• **EXERCISE INPUTS**:
* * * * * * *

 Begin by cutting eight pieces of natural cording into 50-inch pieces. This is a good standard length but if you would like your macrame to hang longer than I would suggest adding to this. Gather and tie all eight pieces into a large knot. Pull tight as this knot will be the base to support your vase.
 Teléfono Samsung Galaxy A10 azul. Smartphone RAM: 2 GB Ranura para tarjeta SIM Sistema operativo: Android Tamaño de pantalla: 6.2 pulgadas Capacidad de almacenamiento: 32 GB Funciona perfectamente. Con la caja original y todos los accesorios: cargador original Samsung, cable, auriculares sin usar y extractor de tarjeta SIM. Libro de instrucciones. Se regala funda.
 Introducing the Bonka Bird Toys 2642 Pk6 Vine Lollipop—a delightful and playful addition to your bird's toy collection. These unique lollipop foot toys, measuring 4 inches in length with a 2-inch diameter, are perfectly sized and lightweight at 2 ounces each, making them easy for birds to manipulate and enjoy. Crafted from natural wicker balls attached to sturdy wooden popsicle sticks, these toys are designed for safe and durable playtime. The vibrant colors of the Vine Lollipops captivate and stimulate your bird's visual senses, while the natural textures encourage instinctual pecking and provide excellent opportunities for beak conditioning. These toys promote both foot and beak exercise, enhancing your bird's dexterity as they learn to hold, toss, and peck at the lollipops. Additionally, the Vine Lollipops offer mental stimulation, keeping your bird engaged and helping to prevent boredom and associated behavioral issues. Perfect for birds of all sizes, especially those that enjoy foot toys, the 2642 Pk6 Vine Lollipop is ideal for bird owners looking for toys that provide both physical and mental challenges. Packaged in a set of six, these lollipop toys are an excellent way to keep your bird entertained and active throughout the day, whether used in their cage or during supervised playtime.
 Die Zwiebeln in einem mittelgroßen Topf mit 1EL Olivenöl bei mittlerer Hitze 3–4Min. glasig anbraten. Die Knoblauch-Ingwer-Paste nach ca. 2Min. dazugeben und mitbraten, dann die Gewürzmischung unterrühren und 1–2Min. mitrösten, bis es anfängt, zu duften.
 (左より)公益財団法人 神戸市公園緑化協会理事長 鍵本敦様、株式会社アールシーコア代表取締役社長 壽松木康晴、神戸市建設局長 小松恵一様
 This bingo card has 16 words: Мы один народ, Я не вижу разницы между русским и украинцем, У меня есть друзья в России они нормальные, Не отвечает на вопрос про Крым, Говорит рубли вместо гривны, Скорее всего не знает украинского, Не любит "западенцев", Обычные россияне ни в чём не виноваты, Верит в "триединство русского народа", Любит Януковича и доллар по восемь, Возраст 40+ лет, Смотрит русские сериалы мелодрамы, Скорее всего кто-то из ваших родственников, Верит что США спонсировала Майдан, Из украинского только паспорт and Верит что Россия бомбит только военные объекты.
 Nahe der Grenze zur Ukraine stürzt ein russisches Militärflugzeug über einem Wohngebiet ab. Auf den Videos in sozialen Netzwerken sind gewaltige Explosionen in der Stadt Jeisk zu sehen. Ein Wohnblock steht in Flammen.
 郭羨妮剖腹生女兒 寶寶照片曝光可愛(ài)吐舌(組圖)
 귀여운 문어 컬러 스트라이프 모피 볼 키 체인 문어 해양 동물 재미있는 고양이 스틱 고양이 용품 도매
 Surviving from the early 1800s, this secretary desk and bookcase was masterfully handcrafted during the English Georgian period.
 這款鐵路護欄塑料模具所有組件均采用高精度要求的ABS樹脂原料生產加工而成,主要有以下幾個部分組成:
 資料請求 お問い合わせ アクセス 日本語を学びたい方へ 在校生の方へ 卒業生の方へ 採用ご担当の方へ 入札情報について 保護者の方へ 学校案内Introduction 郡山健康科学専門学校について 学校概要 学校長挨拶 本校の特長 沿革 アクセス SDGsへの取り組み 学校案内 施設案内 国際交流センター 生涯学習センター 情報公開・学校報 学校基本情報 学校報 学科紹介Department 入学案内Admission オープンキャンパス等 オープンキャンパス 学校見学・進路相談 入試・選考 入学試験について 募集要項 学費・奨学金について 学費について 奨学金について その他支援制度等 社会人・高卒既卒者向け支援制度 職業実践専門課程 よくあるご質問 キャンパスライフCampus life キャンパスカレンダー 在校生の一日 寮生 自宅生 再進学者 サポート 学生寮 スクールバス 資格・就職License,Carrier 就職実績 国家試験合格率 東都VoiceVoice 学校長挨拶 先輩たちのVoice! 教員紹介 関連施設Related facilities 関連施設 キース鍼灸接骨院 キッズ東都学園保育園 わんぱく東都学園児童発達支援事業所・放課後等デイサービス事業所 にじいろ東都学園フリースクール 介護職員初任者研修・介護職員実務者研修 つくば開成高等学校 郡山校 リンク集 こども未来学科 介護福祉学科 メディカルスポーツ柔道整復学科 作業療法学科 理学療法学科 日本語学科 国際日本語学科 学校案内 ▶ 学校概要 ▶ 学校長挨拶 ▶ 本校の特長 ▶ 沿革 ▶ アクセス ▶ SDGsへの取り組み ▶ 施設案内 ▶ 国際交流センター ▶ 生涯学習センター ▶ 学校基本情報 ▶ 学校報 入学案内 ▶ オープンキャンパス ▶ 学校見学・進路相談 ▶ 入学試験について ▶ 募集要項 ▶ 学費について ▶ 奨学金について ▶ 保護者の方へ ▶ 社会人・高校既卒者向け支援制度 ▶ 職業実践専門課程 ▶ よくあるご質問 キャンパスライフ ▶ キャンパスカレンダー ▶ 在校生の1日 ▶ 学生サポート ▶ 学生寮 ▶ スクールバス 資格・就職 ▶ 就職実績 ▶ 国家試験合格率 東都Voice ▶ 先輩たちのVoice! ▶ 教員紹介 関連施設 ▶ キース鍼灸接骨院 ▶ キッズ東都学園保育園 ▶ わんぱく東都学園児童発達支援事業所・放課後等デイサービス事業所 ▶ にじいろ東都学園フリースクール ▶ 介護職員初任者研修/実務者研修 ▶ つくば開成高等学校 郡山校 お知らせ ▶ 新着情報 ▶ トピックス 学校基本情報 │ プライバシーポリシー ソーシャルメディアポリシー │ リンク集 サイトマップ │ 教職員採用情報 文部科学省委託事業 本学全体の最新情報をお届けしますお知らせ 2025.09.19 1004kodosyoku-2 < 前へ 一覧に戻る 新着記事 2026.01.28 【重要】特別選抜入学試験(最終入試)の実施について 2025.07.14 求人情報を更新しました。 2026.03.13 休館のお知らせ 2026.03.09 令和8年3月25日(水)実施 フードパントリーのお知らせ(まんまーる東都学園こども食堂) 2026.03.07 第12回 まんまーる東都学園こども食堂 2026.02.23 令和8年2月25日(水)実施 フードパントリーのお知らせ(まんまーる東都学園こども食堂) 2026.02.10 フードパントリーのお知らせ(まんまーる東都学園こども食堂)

* * * * * * *

• **WHAT TO WORK ON**:
Every line in the data that holds the string "einem" should be returned.

• **SOLUTION FOR THIS TASK**:
 Die Zwiebeln in einem mittelgroßen Topf mit 1EL Olivenöl bei mittlerer Hitze 3–4Min. glasig anbraten. Die Knoblauch-Ingwer-Paste nach ca. 2Min. dazugeben und mitbraten, dann die Gewürzmischung unterrühren und 1–2Min. mitrösten, bis es anfängt, zu duften.
 Nahe der Grenze zur Ukraine stürzt ein russisches Militärflugzeug über einem Wohngebiet ab. Auf den Videos in sozialen Netzwerken sind gewaltige Explosionen in der Stadt Jeisk zu sehen. Ein Wohnblock steht in Flammen.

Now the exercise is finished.